Reproducibility: A scientific experiment E composed of computational steps CS and non-computational steps NCS performed in an order O at a point in time T by agents A in an execution environment EE with data D and settings S is said to be reproducible, if the experiment can be performed to obtain the same or similar (close-by) results to validate or refute the hypothesis H by making variations in the original experiment E. The variations can be done in one or more of the following variables:

Definition 5

Repeatability: A scientific experiment E composed of computational steps CS and non-computational steps NCS performed in an order O at a point in time T by agents A in an execution environment EE with data D and settings S is said to be repeatable, if the experiment can be performed with the same conditions of the original experiment E to obtain the exact results to validate or refute the hypothesis H. The conditions which must remain unchanged are:

Definition 6

Reuse: A scientific experiment E is said to be reused if the experiment along with the data D and results R are used by a possibly different experimenter A ′ in a possibly different execution environment EE ′ but with a same or different goal G ′.

Definition 7

Understandability: A scientific experiment E is said to be understandable when the provenance information (What, When, Where, Who, Which, Why, How) and the metadata used or generated in E are presented to understand the data D and results R of E by a possibly different agent A ′.

Understandability of scientific experiments is objective as the metadata is defined by the domain-specific community.

The REPRODUCE-ME data model and ontology

The REPRODUCE-ME Data Model [50, 51] is a conceptual data model developed to represent scientific experiments with their provenance information. Through this generic data model, we describe the general elements of scientific experiments for their understandability and reproducibility. We collected provenance information from interviews and discussions with researchers from different disciplines and formulated them in the form of competency questions as described in the Methods section. The REPRODUCE-ME Data Model is extended from PROV-O [23] and P-Plan [33] and inspired by provenance models [15, 16].

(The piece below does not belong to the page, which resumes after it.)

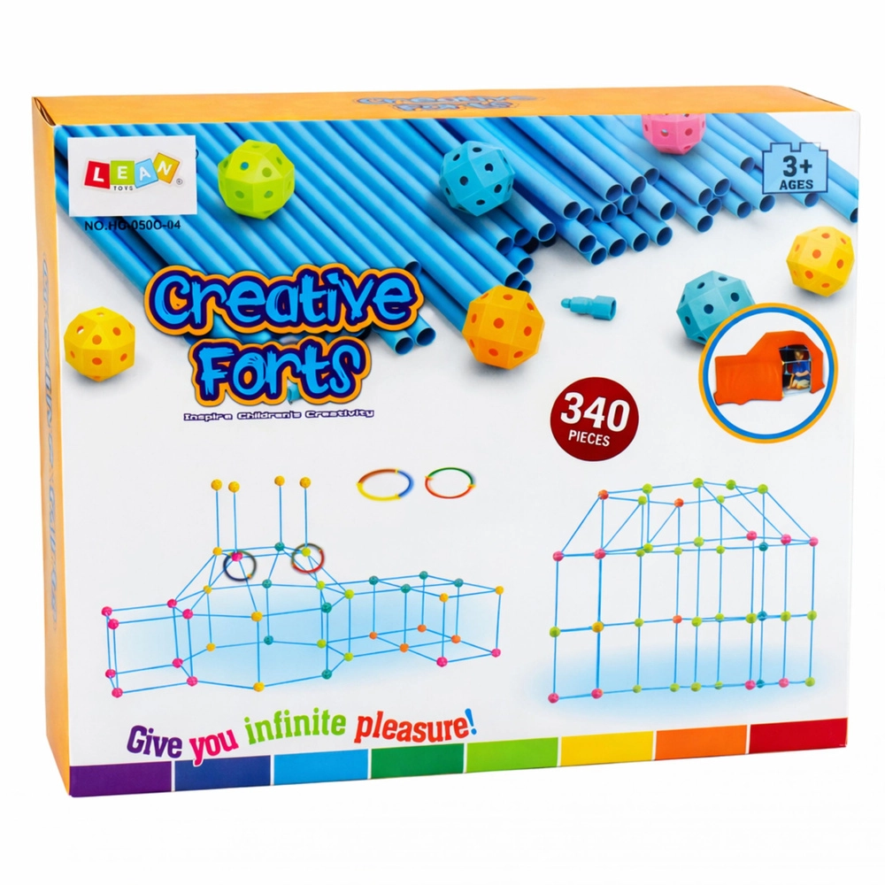 Odkrijte neskončne možnosti ustvarjanja s kompletom cevi in spojk s 340 deli. Lahka plastična konstrukcija, preprosto zaskočitev in trdno spajanje otrokom omogočajo gradnjo hišk, trdnjav, tunelov in kupol. Krajši deli so prožni za loke, daljše cevi zagotavljajo stabilne konstrukcije. Priložena je tudi velika pregrinjala za spremembo ogrodja v prijeten bunker.

Figure 2 presents the overall view of the REPRODUCE-ME data model to represent a scientific experiment.

Fig. 2figure2

The expanded view of the REPRODUCE-ME data model used to represent a scientific experiment

The central concept of the REPRODUCE-ME Data Model is an Experiment. The data model consists of eight main components. They are Data, Agent, Activity, Plan, Step, Setting, Instrument, and Material.

Definition 8

Experiment is defined as a n-tuple E = (Data, Agent, Activity, Plan, Step, Setting, Instrument, Material)

where E is the Experiment; Data denotes the set of data used or generated in E; Agent, the set of all people or organizations involved in E; Activity, the set of all activities occurred in E; Plan, the set of all plans involved in E; Step, the set of steps performed in E; Setting, the set of all settings; Instrument, the set of all devices used in E and Material, the set of all physical and digital materials used in E.

We define each of the components of the model in detail. The definitions of the classifications of each component of the model are available in the documentation of the REPRODUCE-ME ontology [52] (see Additional file 1).

Definition 9

Data represents a set of items used or generated in a scientific experiment E.

Data is a key part of a scientific experiment. Though it is a broad concept, we need to narrow it down to specific details to model a scientific experiment for reproducibility or repeatability. Hence, the REPRODUCE-ME data model further categorizes the data. However, different instances of the same data type can belong to different categories. For example, an instance of a Publication from which a method or an algorithm is followed is annotated as Input Data and another instance of Publication could be annotated as Result of a study. We model Data as a subtype of Entity defined in the PROV data model. We classify the data as follows:

We use PROV-O classes and properties like wasDerivedFrom, specializationOf, wasRevisionOf, PrimarySource to describe the provenance of data, especially the transformation and derivation of entities.

Definition 10

Agent represents a group of people/organizations associated with one or many roles in a scientific experiment E.

Every agent is responsible for one or multiple roles associated with activities and entities of an experiment. For the reproducibility of scientific experiments, it is important to know the agents and their roles. However, it would be less significant for some experiments or disciplines to know all the agents involved. For example, the name of the manufacturer or distributor of a chemical substance/device is important in a life science experiment while it is less relevant for a computer scientist. Here, we present a list of relevant agents [54] based on our requirements directly or indirectly associated with a scientific experiment:

Experimenter

Manufacturer

Copyright Holder

Distributor

Author

Principal Investigator

Contact Person

Owner

Organization

Research Project

Research Group

Funding Agency

Definition 11

Activity represents a set of actions where each action has a starting and ending time which involves the usage or generation of entities in a scientific experiment E.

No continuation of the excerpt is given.